# Creating a mass plot from CERN OpenData

In this example, we'll import some detector data and make a plot of the masses of the particles detected.

To begin, click the "play" icon or press shift+ENTER to execute each cell.

In [None]:
# First, we'll "import" the software packages needed.
import pandas as pd
import numpy as np
%matplotlib inline
import matplotlib as mpl
import matplotlib.pyplot as plt
inline_rc = dict(mpl.rcParams)

# Starting a line with a hashtag tells the program not to read the line.
# That way we can write "comments" to humans trying to figure out what the code does.
# Blank lines don't do anything either, but they can make the code easier to read.

## Importing a data set
Now let's choose some data to plot. In this example we'll pull data from CERN's CMS detector and make a histogram of invariant mass. You can find more at CERN OpenData

This next cell will take a little while to run since it's grabbing a pretty big data set. This one contains 100,000 collision events. The cell label will look like "In [\*]" while it's still thinking and "In [2]" when it's finished.

In [None]:
# Whenever you type "something =" it defines a new variable, "something", 
# and sets it equal to whatever follows the equals sign. That could be a number, 
# another variable, or in this case an entire table of numbers.
data = pd.read_csv('http://opendata.cern.ch/record/303/files/dimuon.csv')

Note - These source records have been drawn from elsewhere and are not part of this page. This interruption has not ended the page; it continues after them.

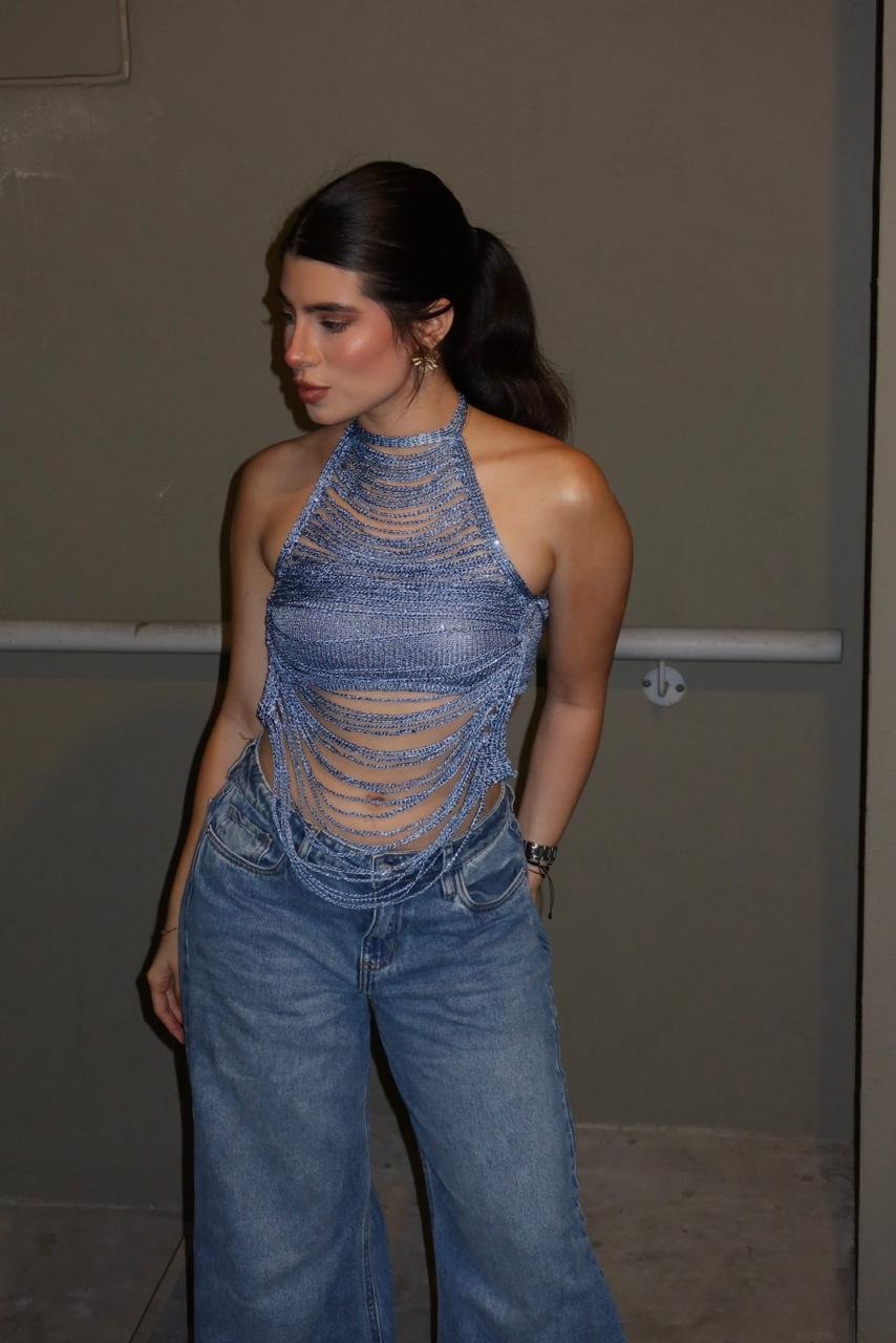 ¡La prenda definitiva para ser el alma de la fiesta! Conoce el Top Vibes ✨ Disponible en 6 tonos explosivos para cada personalidad: Negro, Oro Rosa, Verde Oliva, Negro/Verde, Fucsia y Morado. Este top tipo «babero» está confeccionado en una deslumbrante malla de lentejuelas que cae con fluidez, creando un seductor escote profundo en V al frente. Su espalda es pura audacia: totalmente descubierta y sujeta únicamente por una delicada cadena metálica que cruza y se ajusta a tu medida, funcionando como una joya directamente sobre tu piel. Con la calidad y ese sello GINEBRA para deslumbrar en tu próximo concierto, festival o noche de rumba. ¡Puro fuego y movimiento!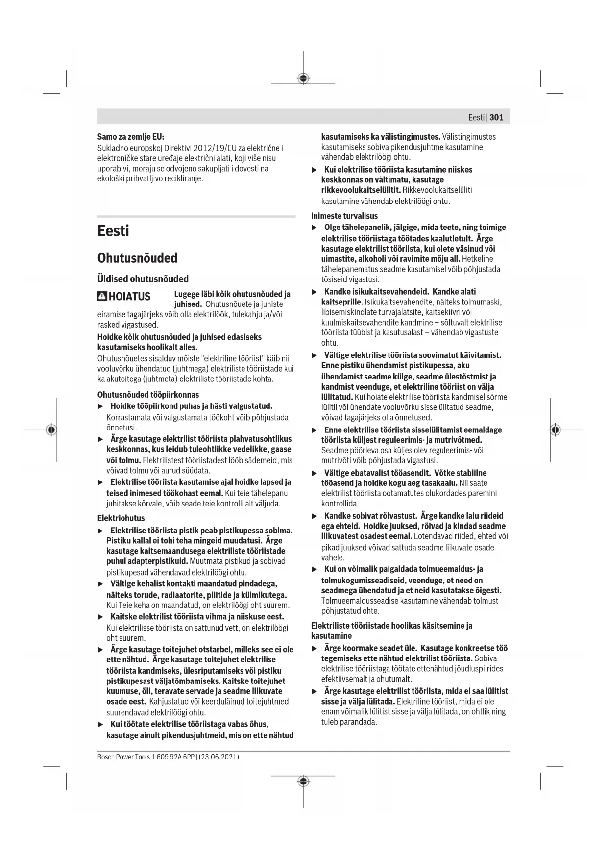 Navedene vrijednosti stupnjeva broja okretaja služe za orijentaciju. u Nazivni broj okretaja pribora mora biti najmanje jednak maksimalnom broju okretaja navedenom na električnom alatu. Pribor koji radi na broju okretaja većem od nazivnog mogao bi se slomiti i oštetiti. Upute za rad u Prije svih radova na električnom alatu izvucite mrežni utikač iz utičnice. u Oprez pri urezivanju u nosivim zidovima, vidjeti odlomak „Napomene za statiku“. u Stegnite izradak ukoliko on ne leži sigurno pod djelovanjem vlastite težine. u Električni alat ne opterećujte toliko jako da se zaustavi pod opterećenjem. u Nakon većeg opterećenja električni alat ostavite još nekoliko minuta da radi u praznom hodu kako bi se nastavak ohladio. u Električni alat ne koristite sa stalkom za rezanje brusnim pločama. u Ne dirajte brusne i rezne ploče dok se ne ohlade. Rezne ploče se jako zagriju tijekom rada. Grubo brušenje u Nikada ne koristite rezne ploče za grubo brušenje. S podesivim kutom od 30° do 40° postići ćete kod grubog brušenja najbolji radni rezultat. Električni alat pomičite uz umjereni pritisak amo-tamo. Na taj način izradak neće postati prevruć, neće promijeniti boju niti će na njemu biti brazda. Bosch Power Tools 1 609 92A 6PP | (23.06.2021)300 | Hrvatski Lepezasta brusna ploča S lepezastom brusnom pločom (pribor) možete obrađivati čak i zaobljene površine i profile. Lepezaste brusne ploče imaju bitno dulji životni vijek, stvaraju manju buku i manje se zagrijavaju kod brušenja u odnosu na uobičajene brusne ploče. Rezanje metala u Kod rezanja s kompozitnim brusnim sredstvima uvijek koristite štitnik za rezanje (9). Kod rezanja radite umjerenim pomakom prilagođenim materijalu koji obrađujete. Ne vršite pritisak na reznu ploču, ne savijajte je i ne oscilirajte. Rezne ploče, koje se inercijski zaustavljaju, ne kočite bočnim pritiskanjem. Električni alat mora se uvijek voditi protuhodno. U suprotnom postoji opasnost da se nekontrolirano istisne iz reza. Kod rezanja profila i četverokutnih cijevi najbolje je da stavite na najmanji presjek. Rezanje kamena u Kod rezanja kamena treba osigurati dovoljno usisavanje prašine. u Nosite zaštitnu masku protiv prašine. u Električni alat smije se koristiti samo za suho rezanje/ suho brušenje. Za rezanje kamena najbolje je koristiti dijamantnu reznu ploču. Pri uporabi usisnog poklopca za rezanje s kliznom vodilicom (19) mora se koristiti odobreni usisavač za usisavanje kamene prašine. Bosch ima u ponudi prikladne usisavače prašine. Uključite električni alat i stavite ga na izradak s prednjim dijelom vodilice. Pomičite električni alat umjerenim pomakom prilagođenim materijalu koji obrađujete. Kod rezanja posebno tvrdih materijala, npr. betona s velikim udjelom šljunka, dijamantna rezna ploča bi se mogla pregrijati i zbog toga oštetiti. Na to ukazuje iskrenje naokolo s dijamantnom reznom pločom. U tom slučaju prekinite rezanje i ostavite dijamantnu reznu ploču da kratko radi u praznom hodu pri maksimalnom broju okretaja kako bi se ohladila. Očigledno usporeni rad i iskrenje naokolo znak je da je dijamantna rezna ploča otupila. Možete je naoštriti kratkim rezovima u abrazivnom materijalu (npr.pješčanik). Napomene za statiku Utori u nosivim zidovima podliježu normi DIN 1053 dio 1 ili važećim propisima dotične zemlje. Obavezno se treba pridržavati tih propisa. Prije početka rada posavjetujte se s odgovornim statičarom, arhitektom ili nadležnim voditeljem gradilišta. Održavanje i servisiranje Održavanje i čišćenje u Prije svih radova na električnom alatu izvucite mrežni utikač iz utičnice. u Električni alat i otvore za hlađenje održavajte čistima kako bi se moglo dobro i sigurno raditi. u Kod ekstremnih uvjeta po mogućnosti uvijek koristite stacionarni uređaj za usisavanje. Često ispuhavajte otvore za hlađenje i predspojite zaštitnu strujnu sklopku (PRCD). Kod obrade metala vodljiva prašina se može nakupiti unutar električnog alata. To može negativno utjecati na zaštitnu izolaciju električnog alata. Pažljivo uskladištite i postupajte s priborom. Ako je potrebna zamjena priključnog kabela, tada je treba provesti u Bosch servisu ili u ovlaštenom servisu za Bosch električne alate kako bi se izbjeglo ugrožavanje sigurnosti. Servisna služba i savjeti o uporabi Naša servisna služba će odgovoriti na vaša pitanja o popravku i održavanju vašeg proizvoda, kao i o rezervnim dijelovima. Crteže u rastavljenom obliku i informacije o rezervnim dijelovima možete naći i na našoj adresi: www.bosch-pt.com Tim Bosch savjetnika o uporabi rado će odgovoriti na vaša pitanja o našim proizvodima i njihovom priboru. U slučaju upita ili naručivanja rezervnih dijelova, molimo vas obavezno navedite 10‑znamenkasti kataloški broj s tipske pločice proizvoda. Hrvatski Robert Bosch d.o.o PT/SHR-BSC Kneza Branimira 22 10040 Zagreb Tel.: +385 12 958 051 Fax: +385 12 958 050 E-Mail: RBKN-bsc@hr.bosch.com www.bosch.hr Ostale adrese servisa možete pronaći na: www.bosch-pt.com/serviceaddresses Zbrinjavanje Električne alate, pribor i ambalažu treba dovesti na ekološki prihvatljivo recikliranje. Električne alate ne bacajte u kućni otpad! 1 609 92A 6PP | (23.06.2021) Bosch Power ToolsEesti | 301 Samo za zemljeEU: Sukladno europskoj Direktivi 2012/19/EU za električne i elektroničke stare uređaje električni alati, koji više nisu uporabivi, moraju se odvojeno sakupljati i dovesti na ekološki prihvatljivo recikliranje. Eesti Ohutusnõuded Üldised ohutusnõuded HOIATUS Lugege läbi kõik ohutusnõuded ja juhised. Ohutusnõuete ja juhiste eiramise tagajärjeks võib olla elektrilöök, tulekahju ja/või rasked vigastused. Hoidke kõik ohutusnõuded ja juhised edasiseks kasutamiseks hoolikalt alles. Ohutusnõuetes sisalduv mõiste "elektriline tööriist" käib nii vooluvõrku ühendatud (juhtmega) elektriliste tööriistade kui ka akutoitega (juhtmeta) elektriliste tö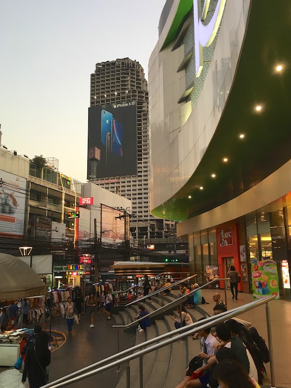 Wybór hotelu w Bangkoku jest szalenie ważny. Jest to tak zakorkowane miasto, że bliskie odległości mogą się wydać szalenie odległymi. Nas korki szczęśliwie omijały 🙂 Nasz hotel połączony był z ogromnym sklepem i z jednej strony mieliśmy pełne zaplecze spożywcze a z drugiej mogliśmy pooglądać jak wygląda taka tajska galeria handlowa 🙂 Na najwyższym piętrze mieściła się stołówka z tajskim jedzeniem. Za grosze mogliśmy posmakować domowych tajskich smaków.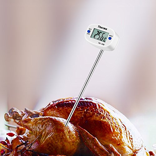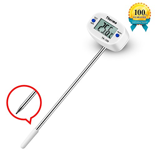 Wide Range: Thermo digital cooking thermometer with temperature range of -58°F ~ 572°F (-50°C ~ 300°C); Celsius/Fahrenheit switchable; Perfect for indoor outdoor cooking, grilling, BBQ and so on; NEVER use the thermometer in a closed oven!!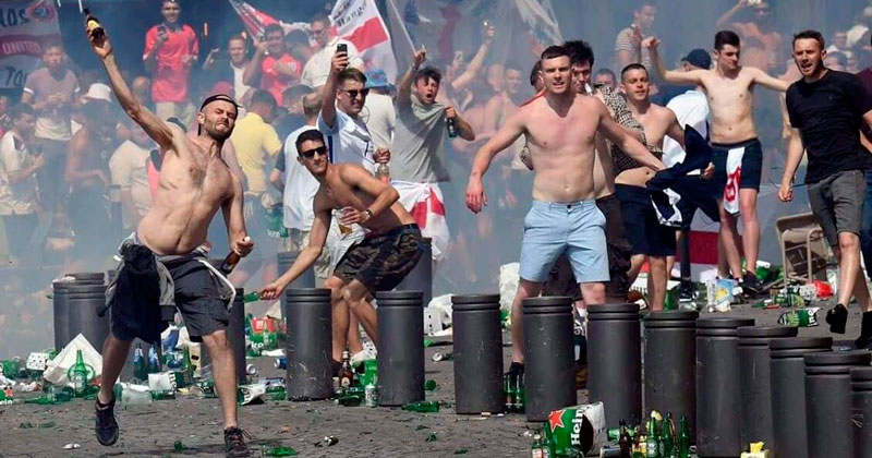 Ya me disponía a buscar en la despensa una botella que descorchar cuando la voz en off me bajaba de la nube: no eran citoyens indignados, sino hinchas rivales tras un partido de fútbol, ingleses y rusos borrachos de violencia. Al parecer, estas hordas de homínidos habían empatado en estupidez.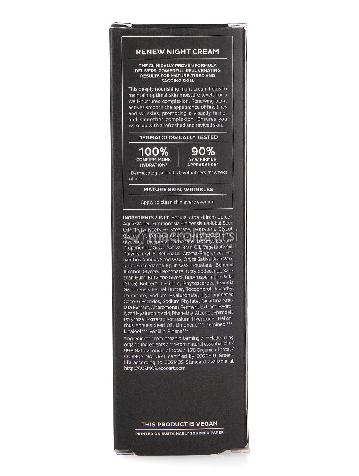 Formulata con micro e macroalghe marine rassodanti, fitosteroli vegetali e acqua di betulla del Nord, che ha dimostrato di accelerare la divisione cellulare dermica fino al 25%, questa crema notte certificata Cosmos Natural è il trattamento ideale per la pelle matura, secca e stanca, che al mattino mostrerà un aspetto totalmente rinnovato.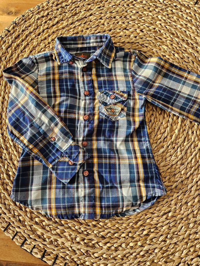 Lot de 5 chemises manches longues, à carreaux bucheron, effet jean, col bateau Taille 4 ans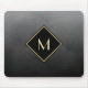 Elegant Brushed Black With Simple Gold Monogram Mouse Pad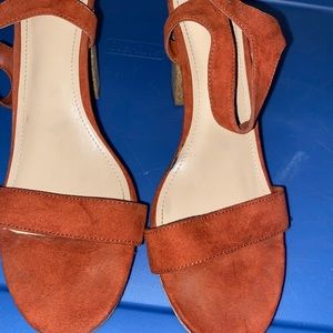 Worn twice. Small black mark on the inside of one shoe. Good condition. Open toe. Size 8.5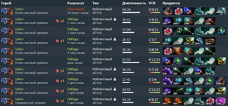 На данный момент я отыграл ровно 10 матчей на хардовом Джакиро. К моему удивлению винрейт составил 90%. Возможно, это связано с небольшой выборкой, поэтому я отыграю еще пару десятков матчей, чтобы цифры пришли к адекватным значениям. Выводами из прошедших игр я сейчас поделюсь с вами.

# Analyze dielectron data instead by referencing this URL:
# http://opendata.cern.ch/record/304/files/dielectron.csv

We can view the first few rows of the file we just imported.

In [None]:
# The .head(n) command displays the first n rows of the file.
data.head(3)

## Making a histogram
CMS software calculated the invariant mass of a possible parent particle, based on the two particles' energies and momenta. It's in the last column, labeled "M". The code below makes a histogram of those mass values.

In [None]:
# adding a ; at the end of the next line will  "suppress" the text output of the histogram's frequency table
plt.hist(data.M, bins=120, range=[0,120], log=True)
plt.title("CMS Dimuon Mass Plot")
plt.xlabel("mass (GeV)")
plt.ylabel("number of events")

# Part Two
Create a histogram to show the production of one of the following particles: [J/$\Psi$](https://en.wikipedia.org/wiki/J/psi_meson), [Upsilon](https://en.wikipedia.org/wiki/Upsilon_meson) ($\Upsilon$), or [Z](https://en.wikipedia.org/wiki/W_and_Z_bosons).

# Part Three
Try selecting a subset of the events to analyze. This is called "applying cuts" to your data. Below are a few commands you may find useful.

In [None]:
# create a new data set of only the events containing oppositely charges particles
data2 = data[data.Q1 != data.Q2] # change != to == for same charge

In [None]:
# create a new data set of only events in a certain mass range
data3 = data[(data.M > 50) & (data.M < 80)] # this choses 50 to 80 GeV

In [None]:
# make a scatterplot of two columns
# plt.scatter(x_column, y_column, s=point_size, other parameters)
plt.scatter(data.eta1, data.phi1, s=.001)

In [None]:
# make your plots look like they're from xkcd.com
plt.xkcd()

# plt.hist can stack two histograms
d1 = data[data.Q1 == data.Q2]
d2 = data[data.Q1 != data.Q2]

plt.hist([d1.M, d2.M], range=[2,5], stacked=True, label=["same Q","opp Q"], bins=20, log=True)
plt.title("Cutting on net charge")
plt.xlabel("mass (GeV)")
plt.ylabel("log number of events")
plt.legend()

In [None]:
# to make normal-looking plots again
mpl.rcParams.update(inline_rc)

## Save Your Work

Download this notebook and upload it to your GitHub. Need a refresher? [Find instructions here](https://drive.google.com/open?id=1GszC6t8K9gSKdR-cigtoxaHK8V1IL_K2PXo5L87Z9xo).